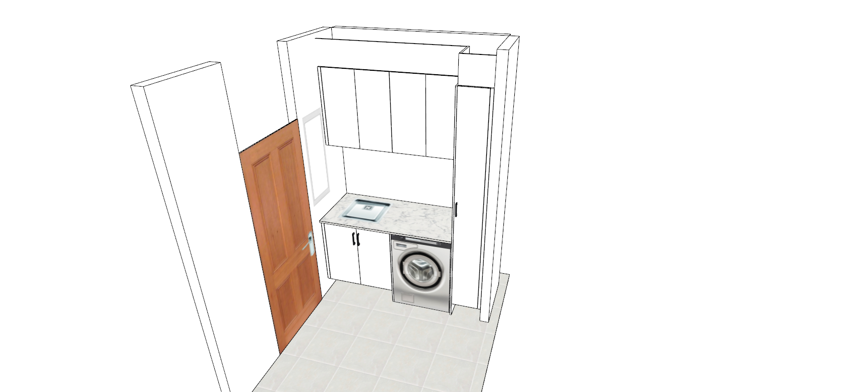 white flat panel cabinets door to be a light oak fill in the wall above the door some evening sun coming through the small window next to the sink
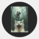 Funny White Cat Selfie With T-rex Dinosaur, Cat Ki Classic Round Sticker
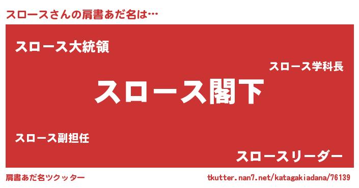 | 意味不明あだ名 | 『自称スロース』『スロースフォーエバー』 |
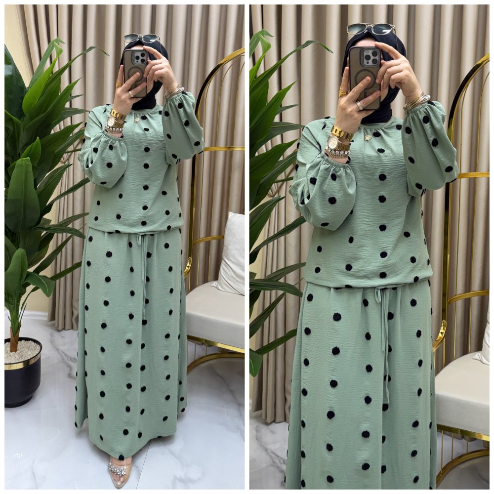 Puantiye takım Mint Yeşili
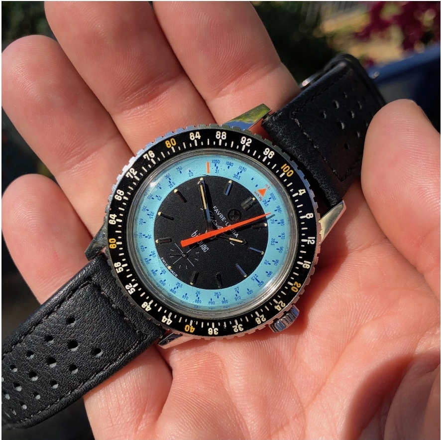 ·Found a neat diver from, i believe, the early 60's. Great complication, having the mechanical depth meter built in. This watch doesn't look like it was worn...or worn very little, as it still has its original FL "plastic" strap and buckle. Anyone know what numbers of these were made and the ratio of feet 160 versions to meters 50's? Thanks
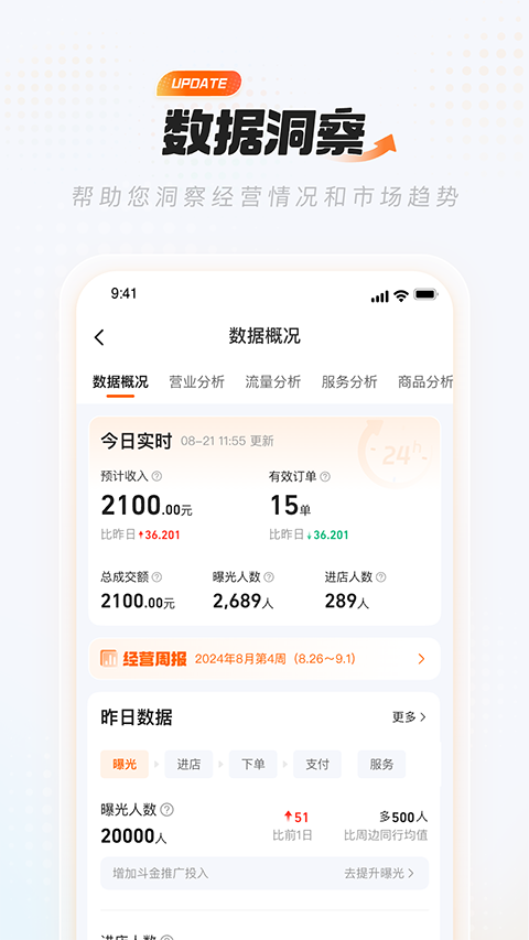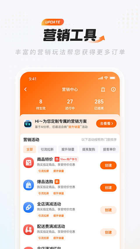 面向商家提供丰富的促销工具、数据分析,配置活动,订单飞涨!关注数据,事半功倍!
————
Reproduce only the lines from the line that holds "Puantiye takım Mint Yeşili" through the end of the records, exactly as they stand, both ends included and pictures excluded.

Answer to this problem:
 Puantiye takım Mint Yeşili
 ·Found a neat diver from, i believe, the early 60's. Great complication, having the mechanical depth meter built in. This watch doesn't look like it was worn...or worn very little, as it still has its original FL "plastic" strap and buckle. Anyone know what numbers of these were made and the ratio of feet 160 versions to meters 50's? Thanks
 面向商家提供丰富的促销工具、数据分析,配置活动,订单飞涨!关注数据,事半功倍!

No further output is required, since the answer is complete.